Traditionnellement, la part des électeurs noirs votant républicain est extrêmement marginale: en 2004, ils avaient choisi le démocrate John Kerry à 88%, contre 11% votant George W. Bush.
Ancien élu de l'Oklahoma, J.C. Watts, lui, envisage sérieusement de voter Obama. S'il s'affirme toujours républicain de coeur, il reproche à son parti d'avoir négligé la communauté noire, à la différence du parti démocrate.
"Et Obama encore plus", ajoute Watts, qui s'attend à ce que le sénateur de l'Illinois monte au créneau sur des sujets sensibles, la pauvreté et la politique d'urbanisme.
L'acteur-écrivain Joseph C. Phillips, lui, est tellement séduit par le jeune sénateur qu'il s'est même inventé un qualificatif: il est "obamacain", soit républicain pro-Obama.
"Je me demande si nous ne sommes pas arrivés au grand tournant, où une victoire d'Obama nous ferait enfin, après tout ce temps, surmonter ces vieilles discussions sur la race. Et si ce grand pays ne pourrait pas enfin être pardonné pour son pêché originel ou trouver une forme d'absolution".

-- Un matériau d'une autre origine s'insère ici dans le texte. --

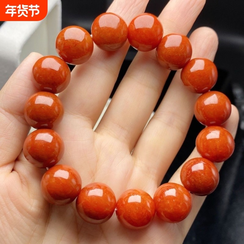 老坑冰种红翡手串男女情侣礼物冰种红翡玉手链圆形玉手镯

Mais Phillips, pas encore bien décidé, reconnaît ses propres contradictions et l'ironie d'un point de vue qui le pousserait à voter pour un candidat pour son appartenance raciale afin de dépasser la question de la race... "Nous devons le juger pas sur la race, mais sur sa désirabilité comme candidat politique. Et sur cette base-là, je suis en désaccord avec lui sur un grand nombre de sujets. J'hésite, j'hésite..."
Quant à Michael Steele, ancien vice-gouverneur du Maryland, il se dit fier d'Obama en tant que noir, mais "en novembre, je ferai tout ce qui est en mon pouvoir pour qu'il soit battu". Car pour lui, l'élection du sénateur de l'Illinois ne réglera pas comme par magie tous les malheurs de la communauté afro-américaine.

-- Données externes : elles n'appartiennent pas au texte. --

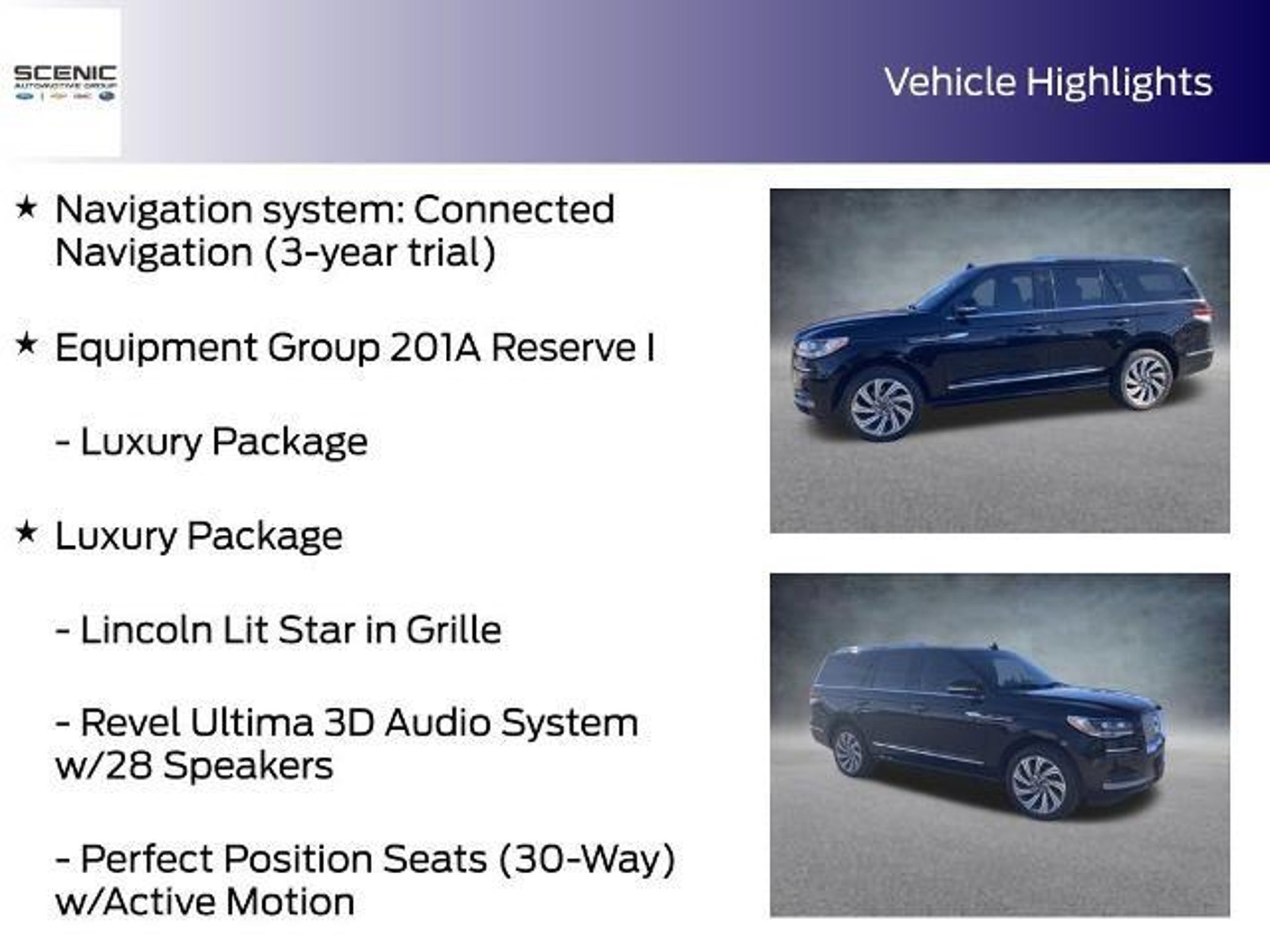 This 2022 Lincoln Navigator Reserve is a true standout in the luxury SUV segment. With its sleek black exterior and powerful V6 engine paired with a 10-speed automatic transmission and 4-wheel drive, this Navigator is built to impress. Boasting an impressive array of premium features, this Navigator Reserve is equipped with: - Luxury Package - Perfect Position Seats (30-Way) with Active Motion, power thigh extender, head restraints, and auto heated/ventilated with memory - Illuminated 1st & 2nd Row Seat Belts - Lincoln Lit Star in Grille - Revel Ultima 3D Audio System with 28 Speakers and subwoofer - Panoramic Vista Roof - Power Liftgate - Heated steering wheel, front seats, and rear seats - Ventilated front and rear seats - Rain-sensing wipers Beyond these impressive features, the Navigator Reserve also boasts a wealth of advanced technology, including a Voice-Activated Touchscreen Navigation System, SYNC 4 Communications & Entertainment System, and 911 Assist for added peace of mind. With its spacious and luxurious interior, the Navigator Reserve offers an unparalleled driving experience. The 30-way Perfect Position Seats provide exceptional comfort and support, while the Revel Ultima 3D Audio System delivers a truly immersive listening experience. The Panoramic Vista Roof fills the cabin with natural light, creating a serene and airy ambiance. Whether you're embarking on a family road trip or navigating the daily commute, this 2022 Lincoln Navigator Reserve is the perfect companion. Its powerful performance, advanced technology, and premium amenities make it a standout choice in the luxury SUV market. Thank you for choosing Scenic Automotive as your next destination to purchase a vehicle. We have been in business for over 65 years serving the local community. We are family owned and local! We also serve the Southern Virginia community, Greensboro, Winston-Salem, and all the way out to Asheville and into East Tennessee! Please visit online at www.scenicmotors.com or www.scenicgmautos.com.

Quant au républicain modéré Edward Brooke, qui fut en 1966 le premier noir élu sénateur dans le Massachusetts, il se dit "extrêmement fier et joyeux" du parcours de Barack Obama. Ce dernier lui a offert son livre avec en dédicace "merci d'avoir montré le chemin".
Brooke refuse de dire qui il soutiendra, mais le facteur racial ne sera pas un élément de son choix: "c'est la plus importante élection de notre histoire. Et, vu le monde et l'état dans lequel il est, nous devons prendre le meilleur".
Un avis partagé par le général en retraite et ancien secrétaire d'Etat Colin Powell, qui fut le premier noir à devenir chef de la diplomatie américaine: il votera pour le "plus qualifié", quel que soit son parti.
En tous cas, explique Williams le commentateur politique, sa vieille maman de 82 ans, qui n'a non plus jamais voté pour un candidat démocrate, a elle déjà fait son choix: "elle est si fière du sénateur Obama, qu'elle nous a déjà annoncé qu'elle voterait pour lui. Elle dit qu'au vu de l'histoire de ce pays, elle n'aurait jamais cru pouvoir vivre assez longtemps pour voir ce moment".